◆ **THE PROBLEM**
Apart from the images, repeat the data below exactly as written.

◆ **SUPPLIED INFORMATION**
══════════════════════════════
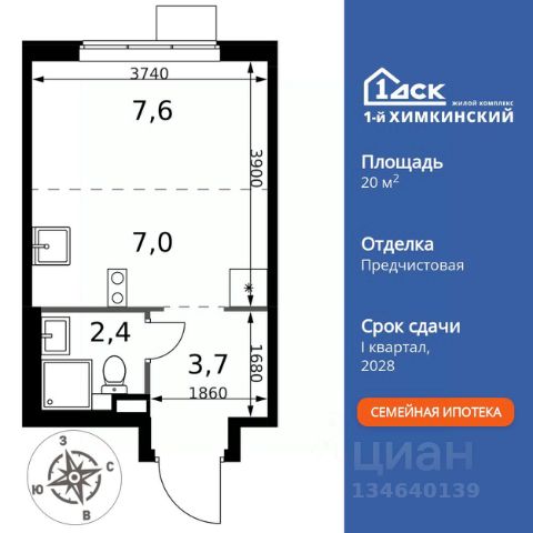 БЕЗ ПЕРВОНАЧАЛЬНОГО ВЗНОСА! Прямая продажа от застройщика! Жилой Комплекс класса Комфорт. Продаётся квартира-студия номер 172 общей площадью 20.7 кв.м. на 13-м этаже 17 этажного здания. Предчистовая отделка. Цена с учётом скидки. Особенности квартиры: - Организуем показ в удобное для вас время! - Линейная планировка - максимальная функциональность и удобство. - Ниша под шкаф - компактное и удобное место для вещей. Квартира с предчистовой отделкой. Вам не придется заниматься черновыми и трудоёмкими работы, а чистовую отделку и дизайн - сделайте на свой вкус. Информация о комплексе: "1-й Химкинский": гармония современного города и природы на 102 га у Химкинского леса и канала им. Москвы. Развитая инфраструктура: ТЦ, школы, спорткомплекс с термами и СПА, парк развлечений. Идеальный баланс для жизни в окружении зелени и городского комфорта. Транспортная доступность: ЖК "1-й Химкинский" дает возможность выбрать любой способ передвижения как до города, так и до самых разных объектов, которые могут представлять интерес для его жителей. Не важно, какой способ передвижения вы предпочитаете, успевать всегда и везде можно вне зависимости от выбора транспорта. - 8 мин. пешком (800 м) до остановки "Золотая Арка" -10 мин пешком (1 км) до остановки "Поворот на Ивакино" Внутренняя инфраструктура: Безопасность: закрытые дворы без машин, безбарьерная среда, сквозные подъезды, камеры на детских площадках с трансляцией на смартфон. Отдых: семейный парк развлечений, двухэтажный ТЦ 8 000 м² с фудкортом. Образование: 4 детских сада, 2 муниципальные школы. Спорт: закольцованный веломаршрут, спорткомплекс с термами, тренажерный зал, воркаут зоны. Инфраструктура: поликлиника со станцией скорой помощи, пожарное депо. Паркинг: подземный паркинг, кладовые на -1 этаже, СТО и автомойка на территории. Квартира с предчистовой отделкой - ваш дизайн без черновых работ
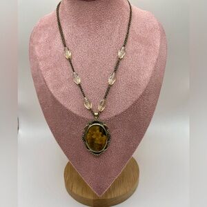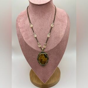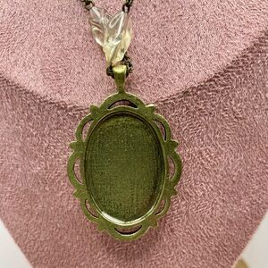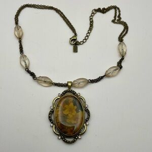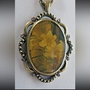 SOLD! Antique Gold Plated Chain Necklace Vintage Victorian Pendant Asiatic Lilies. Chain has a hang tag that says “FI” not sure exactly what it means. But I believe it means “First Issue”.
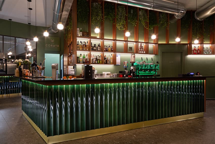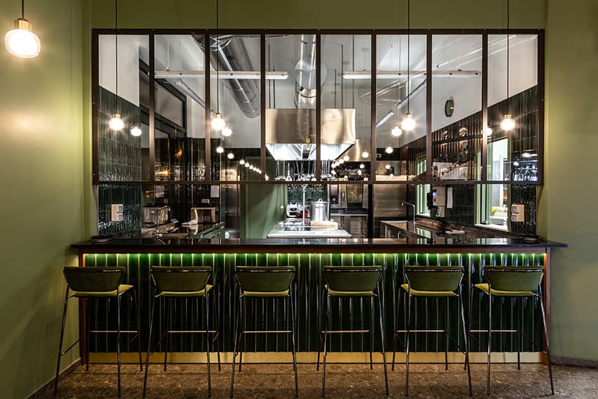 該項目從北歐色彩和海外靈感出發(fā),提出了其他看到和體驗過的地方的圖像。綠色,是童年、春天和幸運的顏色,就像一個舒適、封閉的室內裝飾。舒適的街角酒吧,在每個城市眨眼,邀請你停下腳步。這刻意與城市外部綠樹成蔭的環(huán)境對話,常常擠滿了大窗戶。大橄欖樹的神奇之處在于,它將樹枝伸向林蔭道的樹木,仿佛要抹去內外之間的界限。干預措施押注于復興城市中一個常常被遺忘的美麗地方。
══════════════════════════════
◆ **TASK RESPONSE**
 БЕЗ ПЕРВОНАЧАЛЬНОГО ВЗНОСА! Прямая продажа от застройщика! Жилой Комплекс класса Комфорт. Продаётся квартира-студия номер 172 общей площадью 20.7 кв.м. на 13-м этаже 17 этажного здания. Предчистовая отделка. Цена с учётом скидки. Особенности квартиры: - Организуем показ в удобное для вас время! - Линейная планировка - максимальная функциональность и удобство. - Ниша под шкаф - компактное и удобное место для вещей. Квартира с предчистовой отделкой. Вам не придется заниматься черновыми и трудоёмкими работы, а чистовую отделку и дизайн - сделайте на свой вкус. Информация о комплексе: "1-й Химкинский": гармония современного города и природы на 102 га у Химкинского леса и канала им. Москвы. Развитая инфраструктура: ТЦ, школы, спорткомплекс с термами и СПА, парк развлечений. Идеальный баланс для жизни в окружении зелени и городского комфорта. Транспортная доступность: ЖК "1-й Химкинский" дает возможность выбрать любой способ передвижения как до города, так и до самых разных объектов, которые могут представлять интерес для его жителей. Не важно, какой способ передвижения вы предпочитаете, успевать всегда и везде можно вне зависимости от выбора транспорта. - 8 мин. пешком (800 м) до остановки "Золотая Арка" -10 мин пешком (1 км) до остановки "Поворот на Ивакино" Внутренняя инфраструктура: Безопасность: закрытые дворы без машин, безбарьерная среда, сквозные подъезды, камеры на детских площадках с трансляцией на смартфон. Отдых: семейный парк развлечений, двухэтажный ТЦ 8 000 м² с фудкортом. Образование: 4 детских сада, 2 муниципальные школы. Спорт: закольцованный веломаршрут, спорткомплекс с термами, тренажерный зал, воркаут зоны. Инфраструктура: поликлиника со станцией скорой помощи, пожарное депо. Паркинг: подземный паркинг, кладовые на -1 этаже, СТО и автомойка на территории. Квартира с предчистовой отделкой - ваш дизайн без черновых работ
 SOLD! Antique Gold Plated Chain Necklace Vintage Victorian Pendant Asiatic Lilies. Chain has a hang tag that says “FI” not sure exactly what it means. But I believe it means “First Issue”.
 該項目從北歐色彩和海外靈感出發(fā),提出了其他看到和體驗過的地方的圖像。綠色,是童年、春天和幸運的顏色,就像一個舒適、封閉的室內裝飾。舒適的街角酒吧,在每個城市眨眼,邀請你停下腳步。這刻意與城市外部綠樹成蔭的環(huán)境對話,常常擠滿了大窗戶。大橄欖樹的神奇之處在于,它將樹枝伸向林蔭道的樹木,仿佛要抹去內外之間的界限。干預措施押注于復興城市中一個常常被遺忘的美麗地方。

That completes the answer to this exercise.